Please repeat each line below exactly, with no images in the copy.

* **Given data**:
+ + + + + + +

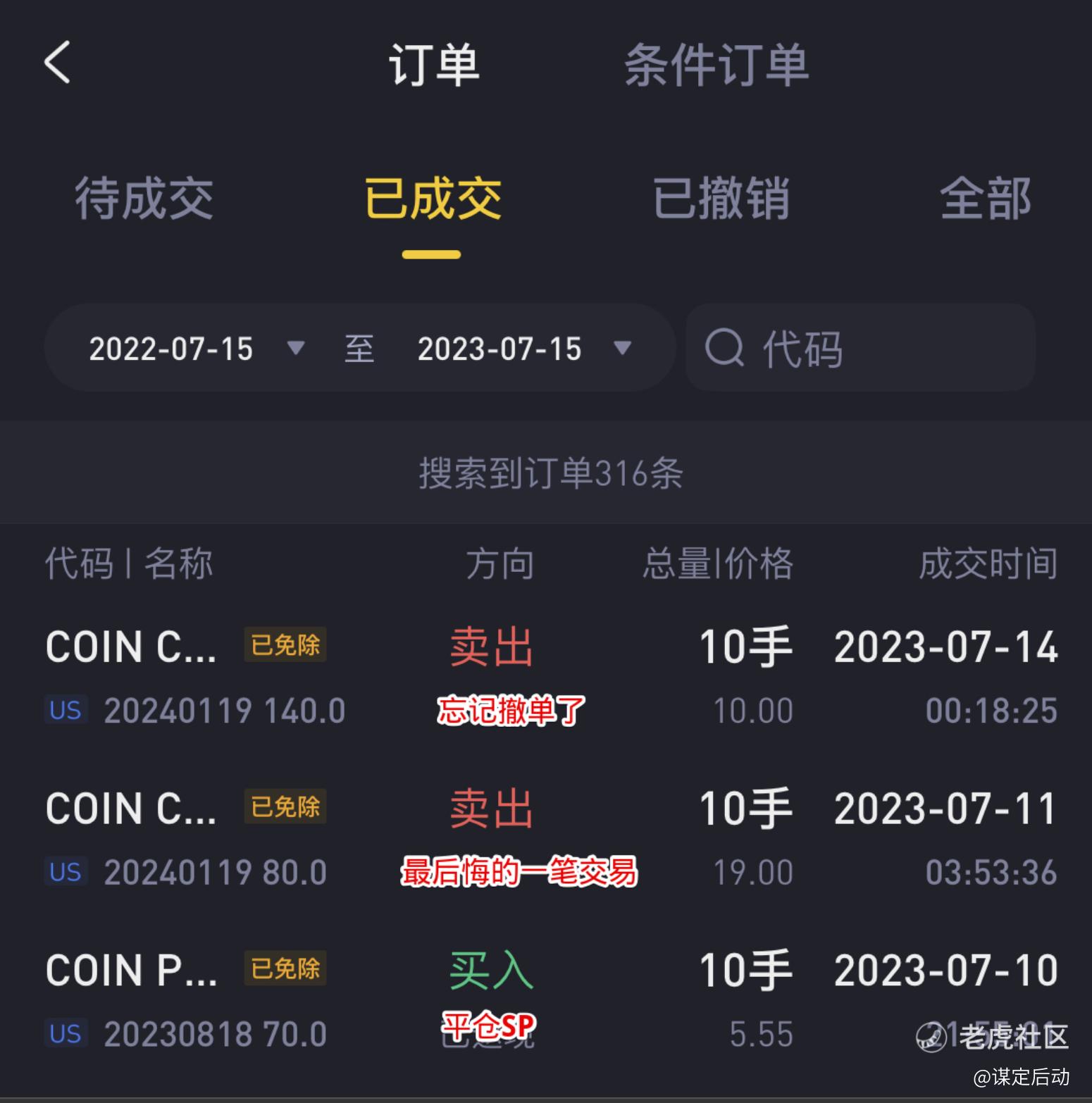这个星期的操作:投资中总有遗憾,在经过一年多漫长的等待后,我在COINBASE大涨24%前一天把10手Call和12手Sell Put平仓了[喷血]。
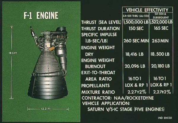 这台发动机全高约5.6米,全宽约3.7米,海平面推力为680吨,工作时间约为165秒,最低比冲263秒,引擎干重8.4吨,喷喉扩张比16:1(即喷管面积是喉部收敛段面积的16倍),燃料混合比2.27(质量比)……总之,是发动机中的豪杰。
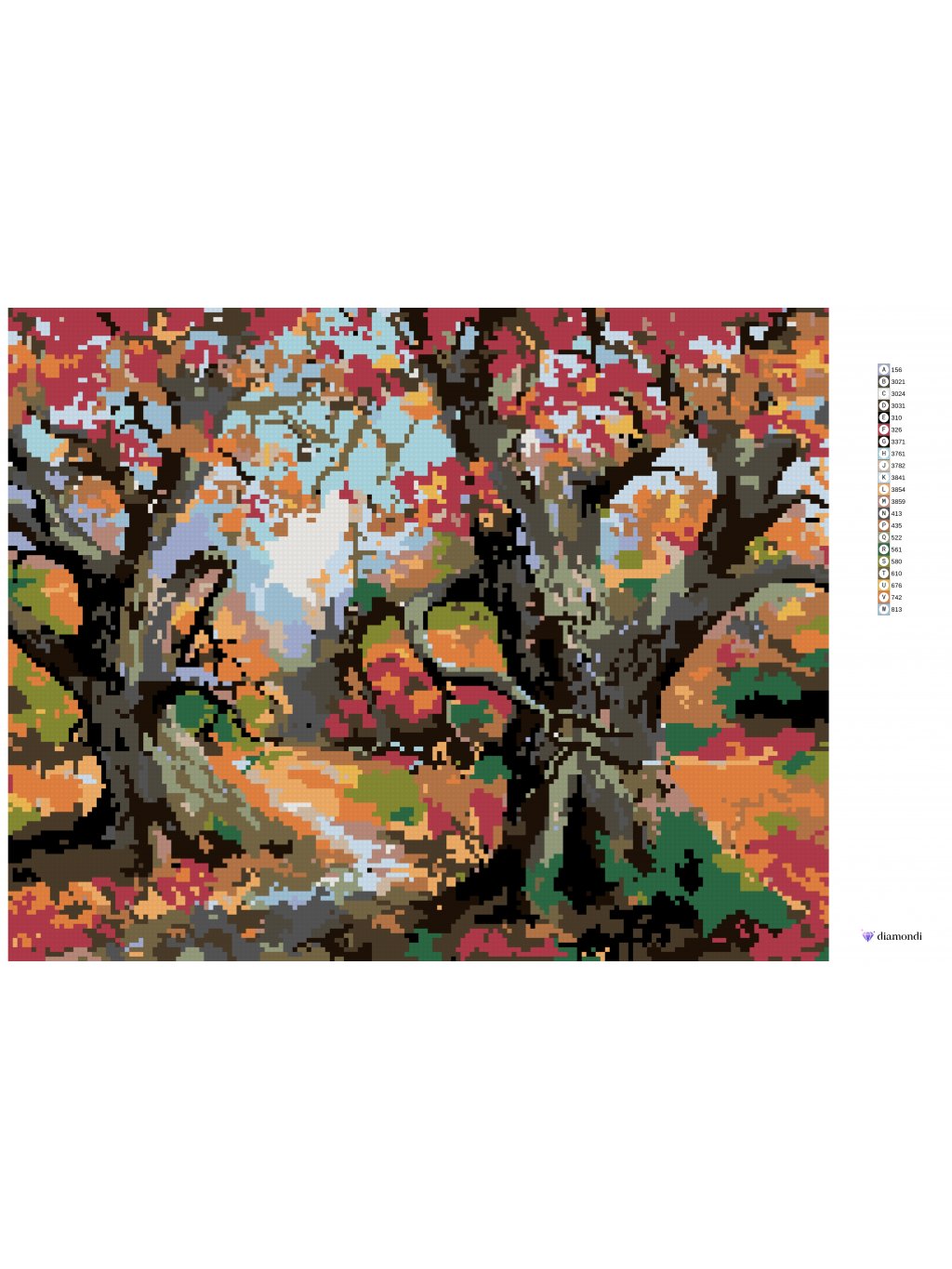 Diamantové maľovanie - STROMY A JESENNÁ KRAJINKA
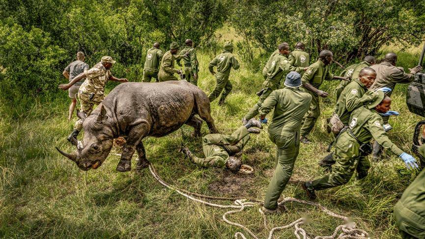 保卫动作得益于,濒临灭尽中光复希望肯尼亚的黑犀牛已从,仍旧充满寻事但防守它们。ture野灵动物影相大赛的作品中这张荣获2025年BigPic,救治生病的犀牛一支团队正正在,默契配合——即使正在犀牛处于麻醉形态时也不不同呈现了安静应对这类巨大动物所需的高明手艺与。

+ + + + + + +

* **Result for this task**:
这个星期的操作:投资中总有遗憾,在经过一年多漫长的等待后,我在COINBASE大涨24%前一天把10手Call和12手Sell Put平仓了[喷血]。
 这台发动机全高约5.6米,全宽约3.7米,海平面推力为680吨,工作时间约为165秒,最低比冲263秒,引擎干重8.4吨,喷喉扩张比16:1(即喷管面积是喉部收敛段面积的16倍),燃料混合比2.27(质量比)……总之,是发动机中的豪杰。
 Diamantové maľovanie - STROMY A JESENNÁ KRAJINKA
 保卫动作得益于,濒临灭尽中光复希望肯尼亚的黑犀牛已从,仍旧充满寻事但防守它们。ture野灵动物影相大赛的作品中这张荣获2025年BigPic,救治生病的犀牛一支团队正正在,默契配合——即使正在犀牛处于麻醉形态时也不不同呈现了安静应对这类巨大动物所需的高明手艺与。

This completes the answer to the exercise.